Akkoord, de wettelijke pensioenen van zelfstandigen liggen momenteel laag (gemiddeld rond de 905 euro netto, tegenover 1250 euro voor werknemers), maar die gemiddeld lagere pensioenen weerspiegelen de verhoudingsgewijs veel lagere sociale bijdragen die zelfstandigen op hun arbeidsinkomen verschuldigd zijn. Bovendien bouwen veel zelfstandigen minstens één aanvullend pensioen op.
Voor alle duidelijkheid, het is niet zozeer de pensioenverhoging die tegen de borst stoot, wel dat die gebeurt zonder hervorming van de bijdragen. De sociale bijdragen van zelfstandigen zijn degressief, ze dalen nu naarmate je meer verdient, én ze zijn geplafonneerd. Zowel de hoogte als de opbouw van sociale bijdragen lijken, gezien de hervorming van de zelfstandigenpensioenen, aan herziening toe.
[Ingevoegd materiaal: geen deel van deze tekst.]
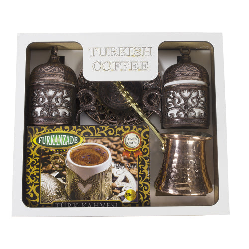 Toptan 4521 Ahşap Cezveli Kahve Seti Bakır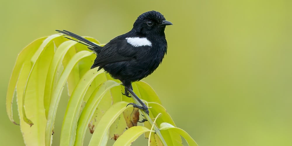 Species AccountA small bird with a long tail that it often cocks. Male is all black with a white shoulder patch. -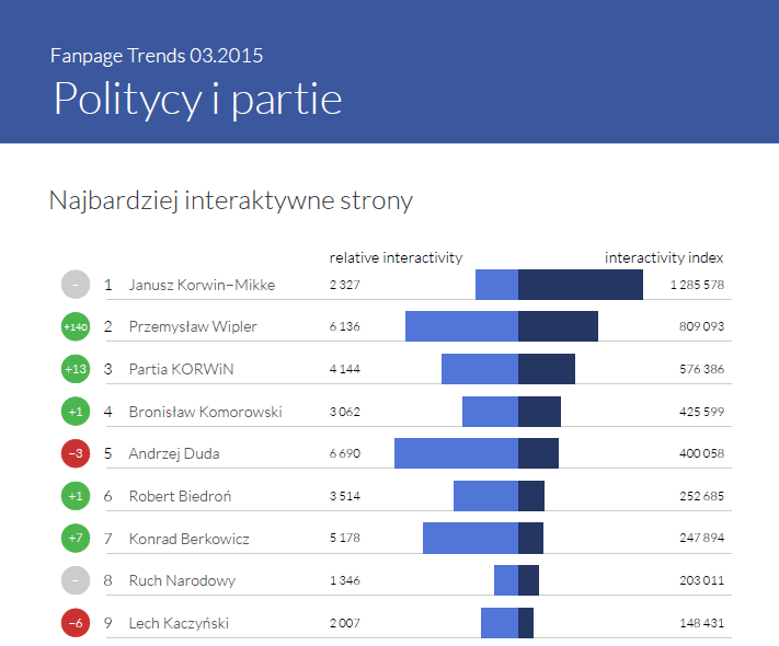 Mimo wspomnianych już porządków, strony z kategorii Polityka i Partie w marcu raczej zyskiwały fanów niż ich traciły. Liczba fanów spadła tylko w przypadku sześciu z piętnastu największych profili w kategorii. Najwięcej nowych polubień otrzymał profil Andrzeja Dudy – w ubiegłym miesiącu polubiło go ponad 20 tys. użytkowników. Wśród kandydatów na prezydenta prym wiedzie, jak można się domyślać, Janusz Korwin-Mikke, jednak najlepszy post w kategorii nie był jego autorstwa. Palma pierwszeństwa przypadła w tym przypadku Przemysławowi Wiplerowi, innemu działaczowi Partii KORWiN. Formacja obu polityków pnie się w górę w rankingu największych stron i zbliża się już do podium. Co ciekawe, przybywa jej fanów mimo prawie całkowitego braku interakcji z użytkownikami – z 625 postów na stronę odpowiedzi doczekało się jedynie sześć. Nad tym aspektem obecności w mediach społecznościowych zdecydowanie warto popracować. W zestawieniu zaangażowania możemy zauważyć spore zmiany i dominację polityków związanych z Partią KORWiN. W najlepszej piętnastce znalazło się ich aż czworo (oprócz Przemysława Wiplera i Janusza Korwin-Mikkego – Konrad Berkowicz oraz Agata Banasik). Już niedługo na naszym blogu ukaże się pierwsza z serii analiz dotyczących obecności kandydatów do objęcia urzędu głowy państwa w mediach społecznościowych.

Net voor het zomerreces bereikte de federale regering een akkoord over een (bescheiden) pensioenhervorming. De centrumrechtse partijen legden sterk de nadruk op de beheersing van de toekomstige pensioenfactuur, onder meer via een strengere toegang tot het minimumpensioen.
Over de betaalbaarheid van de zelfstandigenpensioenen viel evenwel geen woord. Nochtans staan we daar voor een substantiële kostenstijging. Een herziening van de sociale bijdragen met meer solidariteit van en onder zelfstandigen dringt zich op. Voor mij is het alvast glashelder: de ene vergrijzingsfactuur is de andere niet.
Olivier Pintelon is politicoloog, adviseur studiedienst ABVV en kernlid van denktank Minerva.
Deze bijdrage verscheen in de reeks Doordenkers bij Knack.